Butler lists the human essentials for successful succession from G1 to G2 (generation 1 to generation 2; many firms are now moving from G2 to G3 and the same essentials apply). “When G1 stays too long, havoc can result. This can happen because if what you do is who you are, who are you when you no longer do that which defines you?” The fear of being undefined keeps some owners in their positions long past the point where it’s healthy for them, for succeeding generations, and for the business.

Butler offers a cascade of questions to help with succession. The entire process should begin with, “What do you want? For yourself? For your family? For your employees? What are your objectives, what are your goals, beyond simply the smooth transition of ownership?” Having defined the desired outcomes, Butler says G1 should ask two more questions to determine whether to exit the business. “One is, do you have enough? That is, do have enough cash reserves, income and other assets to sustain your desired lifestyle? Two is, have you had enough? Enough of the demands, long hours and frustrations of running a business?” After first answering these questions, development of a succession strategy can commence.

Part of grooming G2 to take over is leadership training, says Butler, “not just how to run the business, but how to lead the people.” Financial fluency should also be part of that grooming process. Too often G1 is secretive about the books; as a result G2 comes in with little knowledge of the financial health of the company or any skill in managing the finances.

The work ethic and life expectations of younger generations, starting with Millennials, can be a challenge. “Millennials are not driven by the same desires as earlier generations,” says Menkhaus. “They are driven largely by purpose and are not shy about it.” What is emerging from this shift, says Butler, is that while many businesses moved successfully from G1 to G2, it’s not clear the same will be true from G2 to G3. “G3 is the make-or-break generation,” says Butler. Younger workers are also more likely to demand the ability to work remotely, at least part of the time. “Remote used to be a perk,” says Butler. “Now it’s expected.” Remote work is fine for some positions but probably not for principals assuming ownership.

How long will Covid remain a factor? That’s anybody’s guess, but McLin says Federal mandates will cause adjustments to be made by construction companies that may affect business succession. “Backlog, cash flow and company size—the number of employees—are affected as contractors seek ways to circumvent these rulings,” says McLin.

Butler says there’s great value in outside expertise. “A peer group is helpful. Adding in a board of advisors providing you with expert advice, diverse perspectives and insight can take your business to the next level. You may also want to consider a board of directors with fiduciary responsibility depending on your circumstances.” She and Menkhaus point out that while the Goering Center, established in 1989, is the largest of such university-affiliated organizations, there are more than 50 of these across the country ready to provide valuable guidance and insight.

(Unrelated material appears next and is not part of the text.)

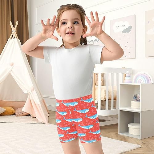 Whale Red Girls Bike Shorts Toddler Soft Cotton Active Biker Shorts(Multi-whale Red,6 Years)

McLin offers three final tips. One, identify a tax-efficient way of making succession happen. Doing so will greatly enhance the likelihood of the ongoing success of the business. Two, get a true evaluation of the management and operations. Is the business sufficiently stable and evolved to withstand the disruption of ownership change? Three, get a qualified assessment of the business’s worth. Seller and buyer may be miles apart in their assessments and this will help narrow that gap. All three questions require the services of an expert outside the company.